Leigh Northrup, Cannon’s Middle School director of academic technology, says other new technological enhancements at the school include Haiku. This is an online learning management system that’s similar to a social networking site, except that students can access assignments and course work and have online discussions.

Northrup says that last year, Middle School students starting using iPads, which has had a big impact in the classroom. “It’s opened up a lot of doors for teachers and streamlined content and engaged students in a way no textbook has the ability to do.”

For example, in biology class, students can use an iPad frog dissection application. Using a virtual scalpel and pins, students can actually slice open a digital frog and remove and study the organs.

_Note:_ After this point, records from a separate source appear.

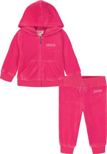 Dress baby in signature Juicy style with this embellished-velour hoodie paired with joggers.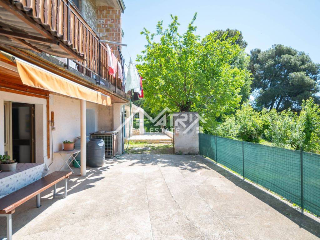 Okućnica površine 150 m² sastoji se od dvorišta s dodatnim parkirnim mjestima i lijepo uređenim vrtom. Postoji i mogućnost izgradnje bazena.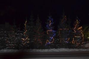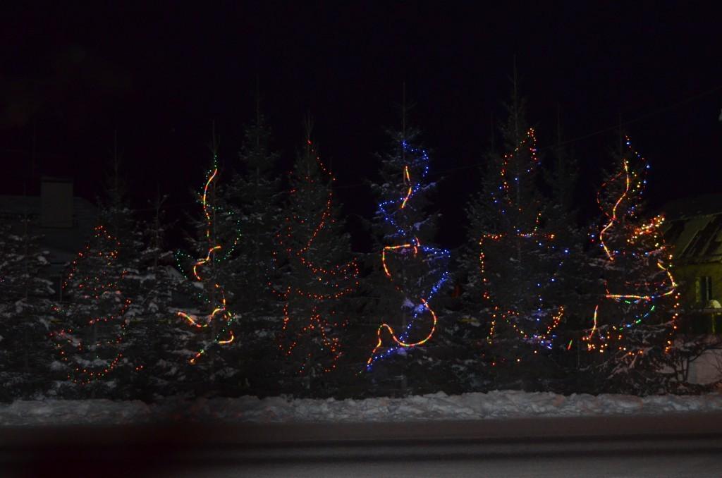 Наверняка, у всех, кто заезжает в Кашино со стороны Екатеринбурга или выезжает туда в темное время суток, на лицах появляются улыбки и поднимается настроение. У последнего дома высажены елочки. И вот уже во второе предновогодье хозяева украшают елочки гирляндами. Елочек не 1-2, а 8-10. Поневоле улыбаться начинаешь.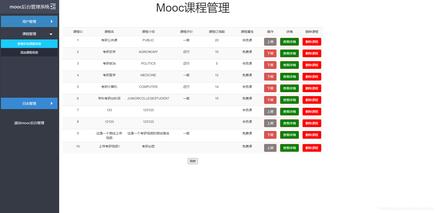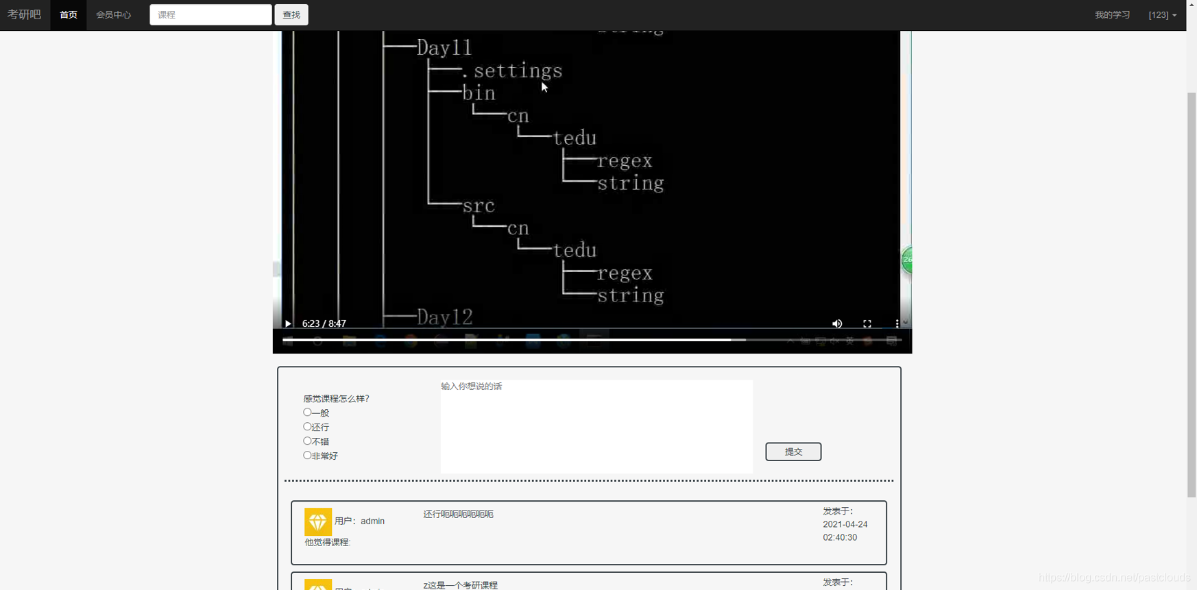 用户管理,课程管理,在线视频观看,评论,会员展示,会员充值等等。

This is done in conjunction with dissecting a real frog, Northrup says. “They complement each other,” he says. “Yes, you sacrifice the smell, and you don’t have a slimy, dead animal in front of you, but students are learning what the organs are supposed to look like, and they’re more experience and practiced when it comes to the real thing.”

Northrup says these kinds of advances are creating more engaging and interactive classrooms, and today the learning experience is more of a dialogue rather than a monologue.

“Kids aren’t just being force fed information,” he says. “They’re participating fully in their own education.”

At Trinity Episcopal School, teachers are taking advantage of online resources to enhance their lesson plans. Seventh-graders, for example, are presenting current events in a new way. “Instead of bringing in a news clipping,” says Grady Smith, social studies teacher, “they're organizing their thoughts on a web site (designed for this purpose) where they can include photos and links to other articles about their chosen current event.”

And according to Tachi Dellinger, who teaches third grade at Trinity, the Elmo Document Camera has dramatically changed their classroom experience: “We use the Elmo daily in our class! … As we have taught the children about monarch migration, we have been able to share the pictures, videos, information on the Elmo for all to see. We used an iPad2 to film our caterpillar going into the chrysalis stage and posted it on our classroom website using youtube! Technology is an integrated part of our day in every subject area.”

Tony Fajardo, head of school at Northside Christian Academy (K-12), says he’s excited about the 18 new Mimio interactive whiteboards the school introduced this year in grades three through 12. Fajardo says the new whiteboards enable teachers to integrate audio and video into their lesson plans and also import lessons from applications such as Microsoft Word, PowerPoint, Excel and Adobe Acrobat.

In conjunction with the new interactive whiteboards are touch pads students can use to answer questions from their desks. This allows teachers to track the progression of their classes and see instantly which students understand the material and which ones need more attention.

Fajardo says that next year he hopes to issue iPads and laptop computers to all his students. “This kind of technology is the future of education,” he says. “It makes the learning process more interesting. It’s no longer a one-way lesson plan in the classroom. Students are learning by doing.”